▶ **Task directions**: For the records below, copy exactly the span that begins at the line containing "2025年12月4日晚,音乐" and stops after the line containing "Ein lustiges Nachtlicht, das", minus any pictures.

(Items from a dataset)

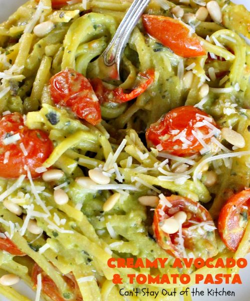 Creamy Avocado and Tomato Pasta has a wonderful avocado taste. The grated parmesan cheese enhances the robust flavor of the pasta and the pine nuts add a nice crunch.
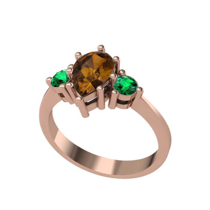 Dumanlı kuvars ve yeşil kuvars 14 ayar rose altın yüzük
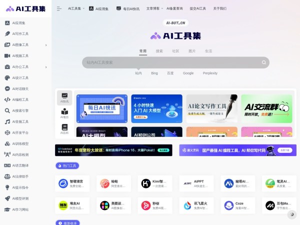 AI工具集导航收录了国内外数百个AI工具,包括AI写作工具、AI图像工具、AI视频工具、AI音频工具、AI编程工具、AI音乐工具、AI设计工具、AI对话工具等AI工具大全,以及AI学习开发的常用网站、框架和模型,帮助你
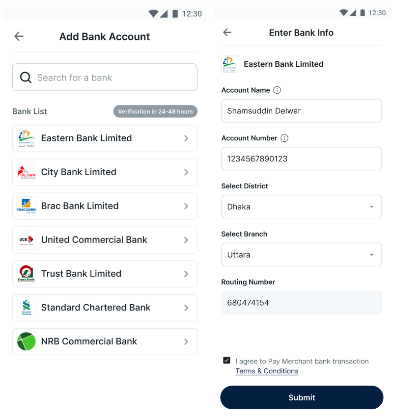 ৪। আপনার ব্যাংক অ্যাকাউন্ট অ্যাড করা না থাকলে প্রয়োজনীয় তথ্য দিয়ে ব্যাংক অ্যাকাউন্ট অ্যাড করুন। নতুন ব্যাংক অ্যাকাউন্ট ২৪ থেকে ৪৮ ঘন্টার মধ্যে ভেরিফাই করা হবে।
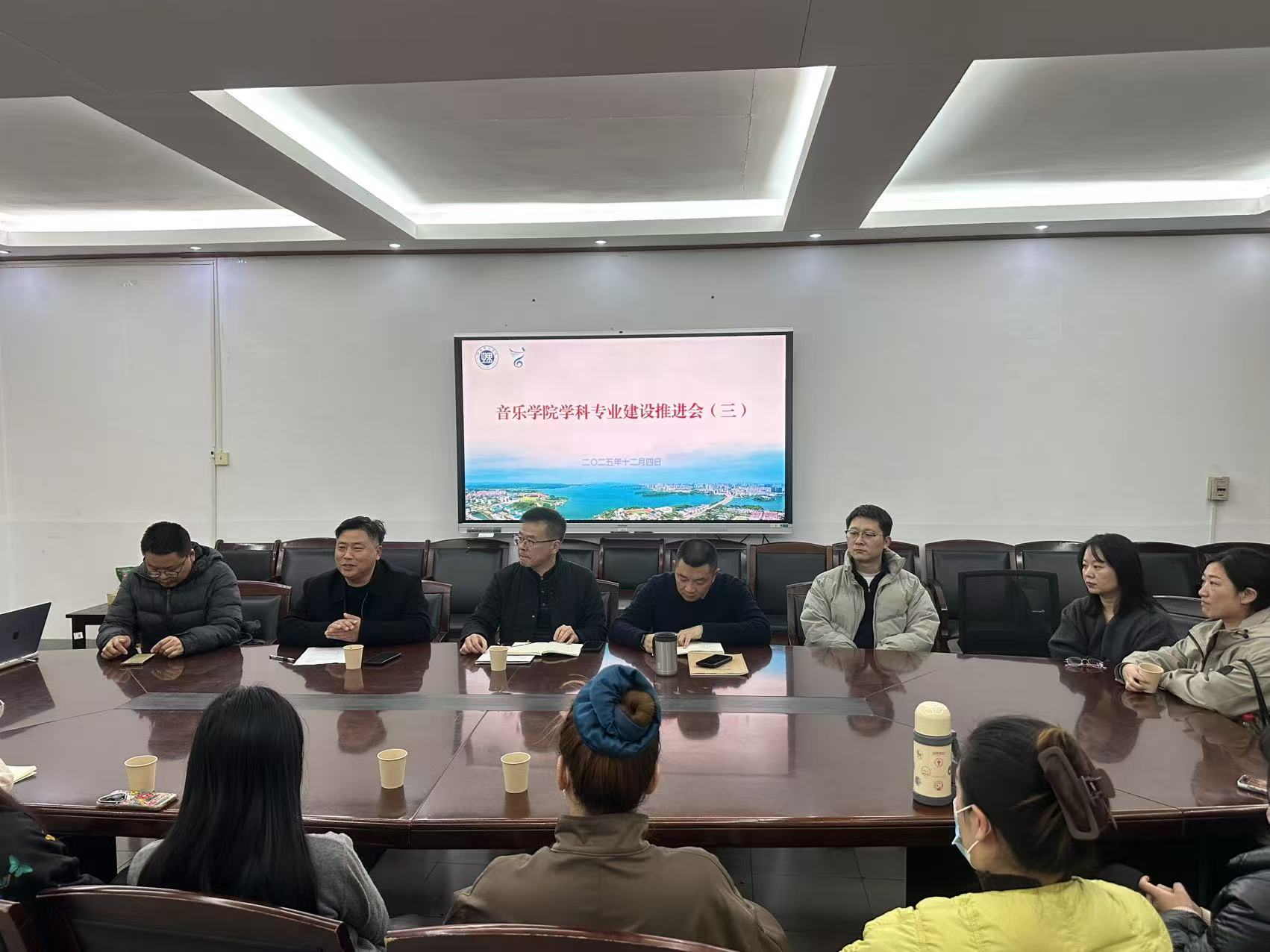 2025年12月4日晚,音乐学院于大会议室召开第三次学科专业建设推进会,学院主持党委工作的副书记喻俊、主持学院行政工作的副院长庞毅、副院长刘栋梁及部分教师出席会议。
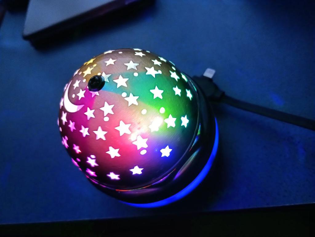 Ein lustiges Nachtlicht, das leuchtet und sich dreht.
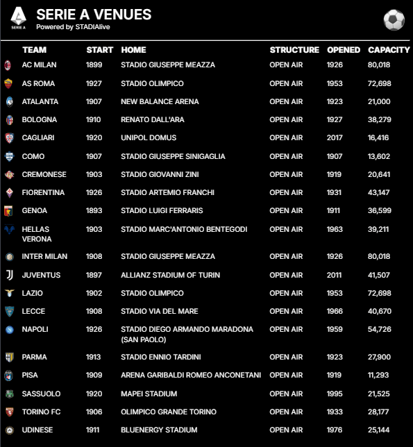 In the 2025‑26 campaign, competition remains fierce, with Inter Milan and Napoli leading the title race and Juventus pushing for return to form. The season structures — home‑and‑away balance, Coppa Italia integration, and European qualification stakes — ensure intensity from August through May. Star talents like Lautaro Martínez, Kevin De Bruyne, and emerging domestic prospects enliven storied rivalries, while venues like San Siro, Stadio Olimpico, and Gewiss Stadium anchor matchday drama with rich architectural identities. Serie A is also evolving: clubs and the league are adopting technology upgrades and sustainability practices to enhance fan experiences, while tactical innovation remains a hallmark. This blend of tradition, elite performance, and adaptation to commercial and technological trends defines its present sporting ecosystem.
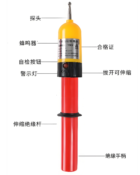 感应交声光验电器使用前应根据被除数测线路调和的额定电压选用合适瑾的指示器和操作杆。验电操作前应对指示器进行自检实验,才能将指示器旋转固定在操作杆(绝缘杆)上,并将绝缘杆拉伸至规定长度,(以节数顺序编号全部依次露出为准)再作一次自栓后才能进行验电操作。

▶ **Response to the task**:
 2025年12月4日晚,音乐学院于大会议室召开第三次学科专业建设推进会,学院主持党委工作的副书记喻俊、主持学院行政工作的副院长庞毅、副院长刘栋梁及部分教师出席会议。
 Ein lustiges Nachtlicht, das leuchtet und sich dreht.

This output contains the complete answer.